__Recorded information__:
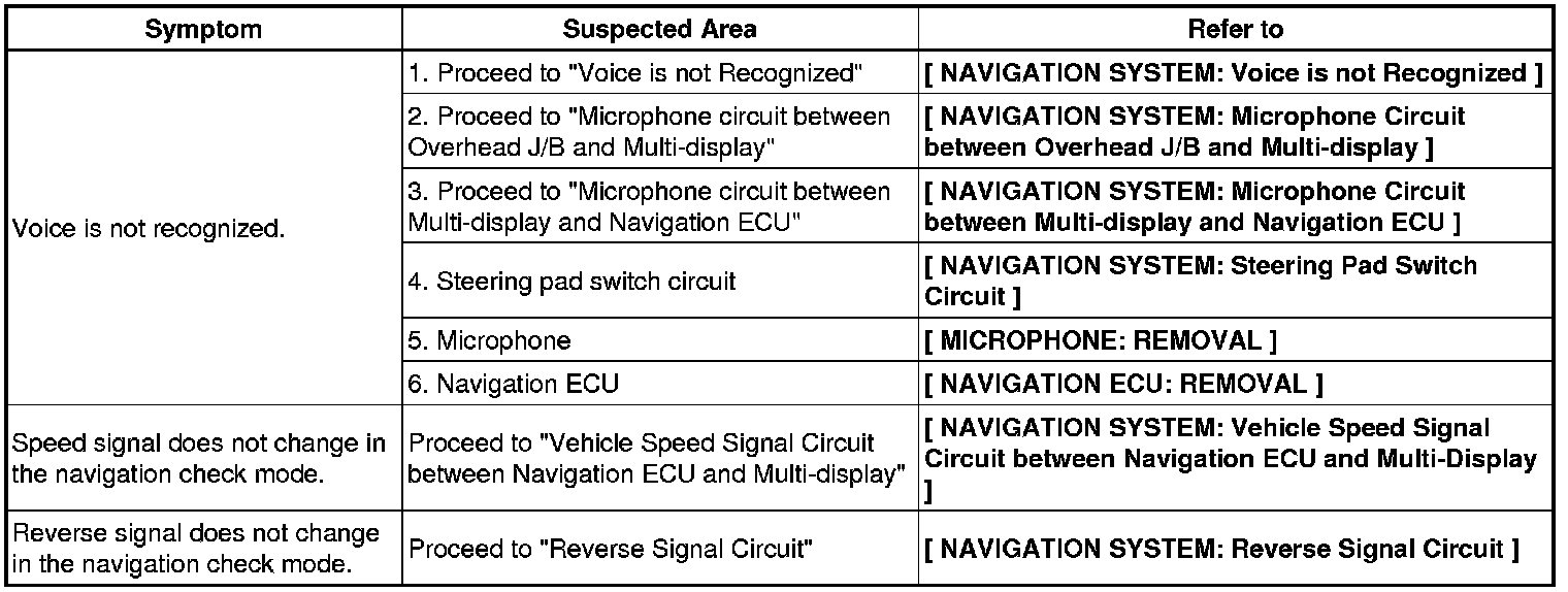 - Before inspecting the suspected areas listed in the table below, check the DTCs.
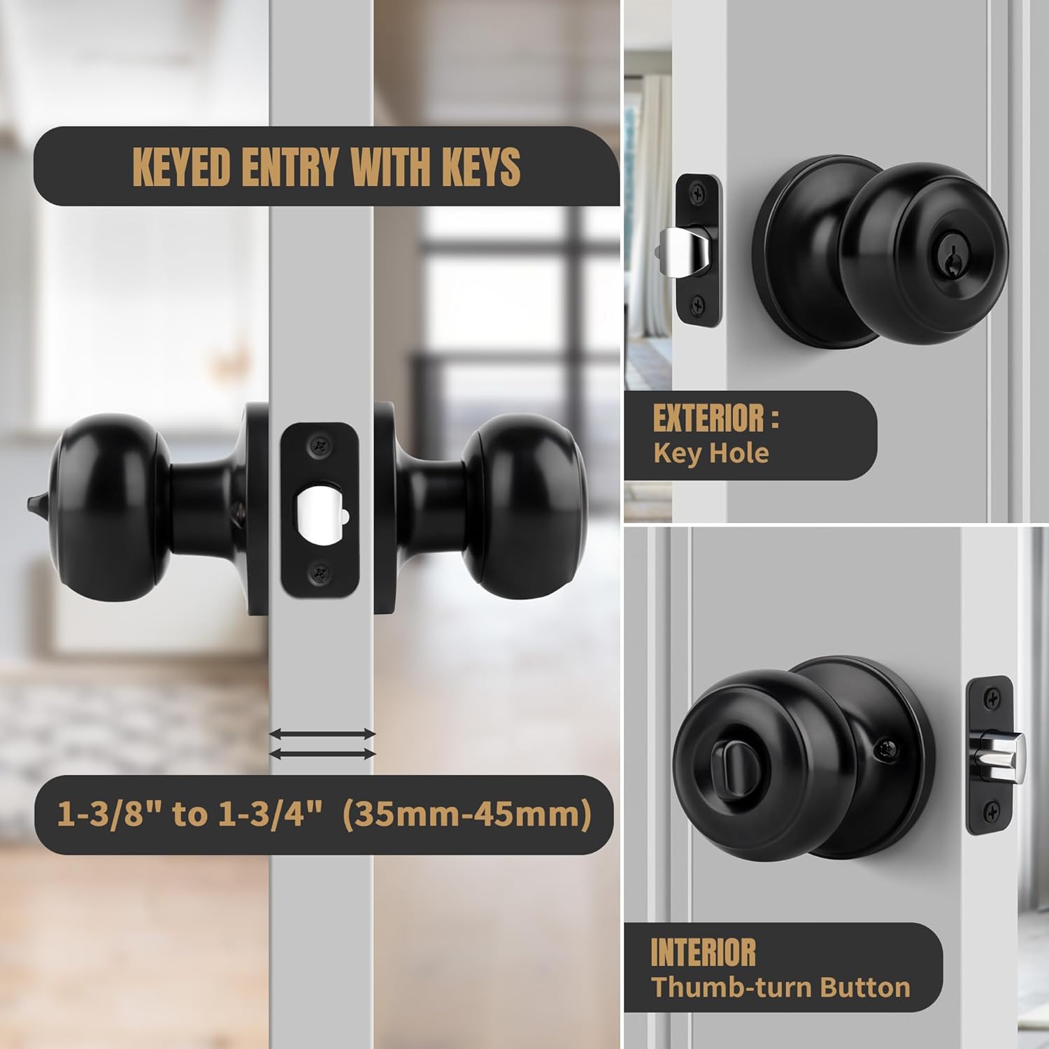 | Additional Features | Round Keyed Function Door Knob |
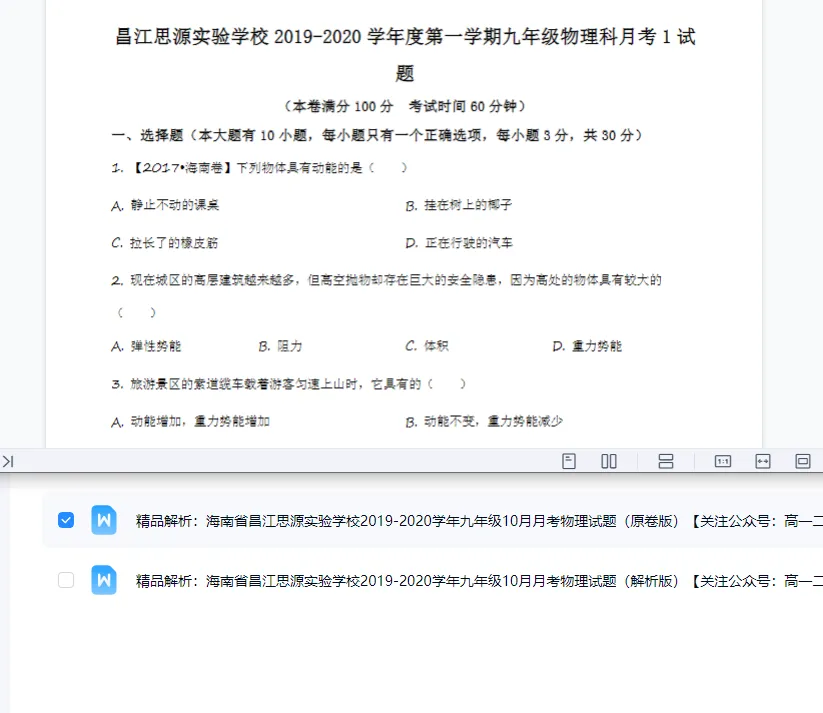 通过网盘分享的文件:【免费下载】精编海南省昌江思源实验学校20192020学年九年级10月月考物理试题
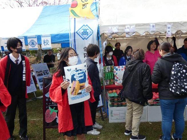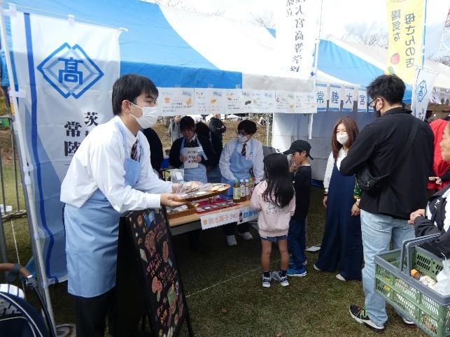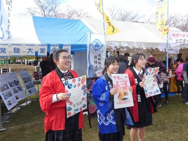 11月3日(月)に常陸大宮市西部総合公園にて行われた、「第35回ふるさと祭りおおみや ふれあい広場」に食物部と商業科が出店しました。

__Exercise__:
The lines from the one containing "Door Knob |" to the end of the material must be output exactly, both ends included; no picture may appear.

__Result below__:
 | Additional Features | Round Keyed Function Door Knob |
 通过网盘分享的文件:【免费下载】精编海南省昌江思源实验学校20192020学年九年级10月月考物理试题
 11月3日(月)に常陸大宮市西部総合公園にて行われた、「第35回ふるさと祭りおおみや ふれあい広場」に食物部と商業科が出店しました。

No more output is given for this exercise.